* **Source data**:
══════════
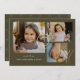 Nous vous présentons notre carte de vœux de fêtes élégante et moderne, Joy Collage Photo – une façon moderne et chic de capturer l'esprit des fêtes avec une touche de sophistication. Cette carte présente un fond vert foncé qui donne un ton riche et élégant et une typographie unique en faux or frappant, ce qui en fait un choix stylé pour envoyer des vœux chaleureux. Le mot "JOY" est affiché de manière élégante dans une typographie moderne et unique en faux or, ajoutant une touche de glamour et de festivité au design. Remarque : l'effet de feuille d'or est simulé dans l'œuvre d'art, et aucune feuille d'or réelle n'est ajoutée lors de l'étape d'impression. 3 de vos photos sont affichées dans une disposition de collage moderne, ce qui donne une carte de vœux de fêtes saisissante et stylée qui transmet vos salutations les plus chaleureuses. Le verso de la carte de Noël présente un design élégant coordonné, et vous pouvez ajouter du texte et des photos supplémentaires en utilisant le bouton "Modifier à l'aide de l'outil de conception" lors de la personnalisation de la carte. Célébrez la saison des fêtes avec style et sophistication en envoyant notre carte de vœux de fêtes élégante et moderne, Joy Collage Photo. Que vous partagiez la joie et l'amour de votre famille, que vous
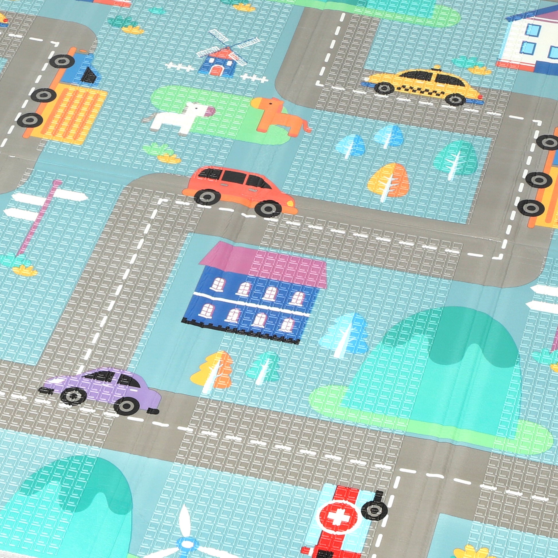 The AIYAPLAY foldable baby mat provides a comfy, secure place for little ones to play and explore. One side showcases a playful traffic road design, great for mini car adventures, while the other side features vibrant rocking horses. Made from gentle, soft foam, it helps cushion first steps and tummy time. This lightweight, foldable mat is easily stored and suitable for family outings, providing safe and fun playtime wherever you go.
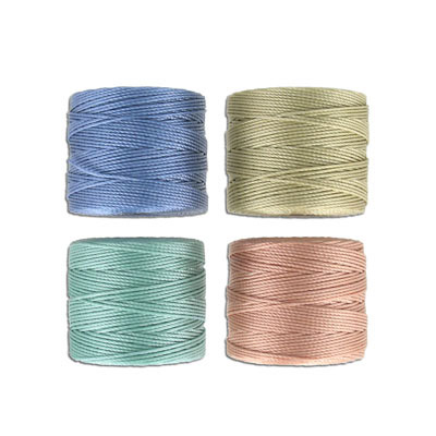 Beadsmith thread s-lon bead cord, 0.50mm, each spool: 70.4 metres (77 yards), light colors: Montana, turquoise, light copper, light khaki (4 spools/pkg). (SKU# TT/SLON/MIX3). Sold individually.
══════════
The data is to be printed again exactly, but without its pictures.

* **Completed task**:
 Nous vous présentons notre carte de vœux de fêtes élégante et moderne, Joy Collage Photo – une façon moderne et chic de capturer l'esprit des fêtes avec une touche de sophistication. Cette carte présente un fond vert foncé qui donne un ton riche et élégant et une typographie unique en faux or frappant, ce qui en fait un choix stylé pour envoyer des vœux chaleureux. Le mot "JOY" est affiché de manière élégante dans une typographie moderne et unique en faux or, ajoutant une touche de glamour et de festivité au design. Remarque : l'effet de feuille d'or est simulé dans l'œuvre d'art, et aucune feuille d'or réelle n'est ajoutée lors de l'étape d'impression. 3 de vos photos sont affichées dans une disposition de collage moderne, ce qui donne une carte de vœux de fêtes saisissante et stylée qui transmet vos salutations les plus chaleureuses. Le verso de la carte de Noël présente un design élégant coordonné, et vous pouvez ajouter du texte et des photos supplémentaires en utilisant le bouton "Modifier à l'aide de l'outil de conception" lors de la personnalisation de la carte. Célébrez la saison des fêtes avec style et sophistication en envoyant notre carte de vœux de fêtes élégante et moderne, Joy Collage Photo. Que vous partagiez la joie et l'amour de votre famille, que vous
 The AIYAPLAY foldable baby mat provides a comfy, secure place for little ones to play and explore. One side showcases a playful traffic road design, great for mini car adventures, while the other side features vibrant rocking horses. Made from gentle, soft foam, it helps cushion first steps and tummy time. This lightweight, foldable mat is easily stored and suitable for family outings, providing safe and fun playtime wherever you go.
 Beadsmith thread s-lon bead cord, 0.50mm, each spool: 70.4 metres (77 yards), light colors: Montana, turquoise, light copper, light khaki (4 spools/pkg). (SKU# TT/SLON/MIX3). Sold individually.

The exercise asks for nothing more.